Live Example: How It Works in Gemini
To see the difference between rigid rules and an AI algorithm, let’s see how a neural network (e.g., Google’s Gemini) handles a task that would stump a regular program.
Task: Determine if a movie review is positive or negative.
Review: “The movie was a bit dragged out and the beginning was boring, but the acting saved everything, and I ended up absolutely loving it!”
How a classical algorithm would work:
A programmer would write a rule: “If the words ‘boring’ and ‘dragged out’ exist, it’s negative.” The program would see these words and output an error: negative review. It cannot evaluate nuances.
How an AI algorithm (Gemini) works:
The Gemini algorithm was trained on billions of texts. It doesn’t just look for keywords; it “weighs” them in the context of the entire phrase. It understands that “absolutely loving it” at the end outweighs the “boring beginning.”

This is the essence: a classical algorithm executes an order, while an AI algorithm makes a decision based on experience.
Why Is This Needed and Where Do We Encounter It?
Algorithms surround us everywhere, and their goal is to save our time or solve tasks that are impossible for humans due to data volume.
- Social Media Feed: An algorithm analyzes what caught your eye and decides: “Aha, the user likes cats, I’ll show them even more cats.” Its goal is to keep your attention.

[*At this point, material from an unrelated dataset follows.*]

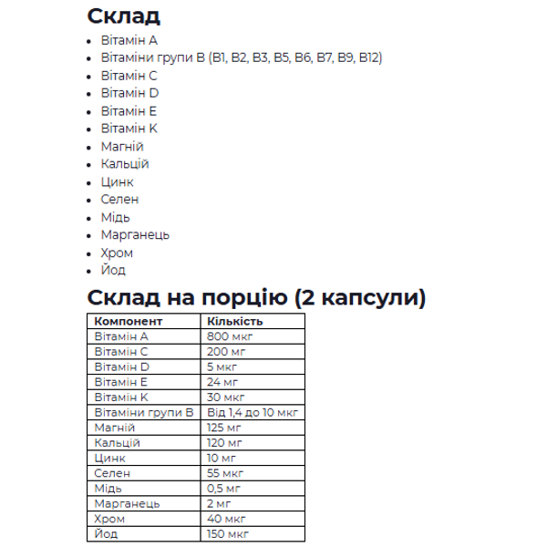 Принимать по 1 капсуле с витаминами и 1 капсуле с минералами во время еды.

- Car Navigator: An algorithm scans thousands of route options, considering traffic and road repairs, to give you the single fastest path.
- Email Spam Filters: An algorithm learned from millions of emails and knows: if the subject line says “YOU WON A MILLION,” there is a 99% chance it is garbage that needs to be hidden.
Important Not to Confuse Terms
Beginners often confuse concepts. Let’s distinguish them to avoid confusion:
- Artificial Intelligence (AI): This is the general field of science, the “umbrella” under which everything resides.
- Neural Network: This is a structure mimicking the human brain (tool).
- Algorithm: This is the specific method or instruction by which this neural network operates. Without an algorithm, a neural network is just a useless set of digital connections.
An algorithm is not magic; in the world of AI, it is an instruction that allows a computer not just to execute commands but to find solutions independently, relying on rules we created for it.
FAQ: Frequently Asked Questions
Do I need to be a mathematician to understand how an algorithm works?
No. To use or understand the logic, common sense is enough. To create complex algorithms for AI, math is needed. But the basic principle is pure logic: “If A happened, do B.”
Can an algorithm work incorrectly?
Yes. An algorithm does exactly what it was told. If there is an error in the “recipe” (for example, the programmer provided incorrect data), the result will be bad. This is called “algorithmic bias.” If you teach AI on bad examples, it will produce bad solutions.
Is an algorithm the same thing as code?
Not quite. An algorithm is a plan of action. Code is the language in which this plan is written for the computer. The same algorithm (plan) can be written in different programming languages (Python, Java, C++).
Can an algorithm think like a human?
At this stage of technology development—no. Even the smartest AI algorithm simply predicts the next step based on a huge amount of processed data. It has no consciousness or feelings, only mathematical probability and rules embedded by creators.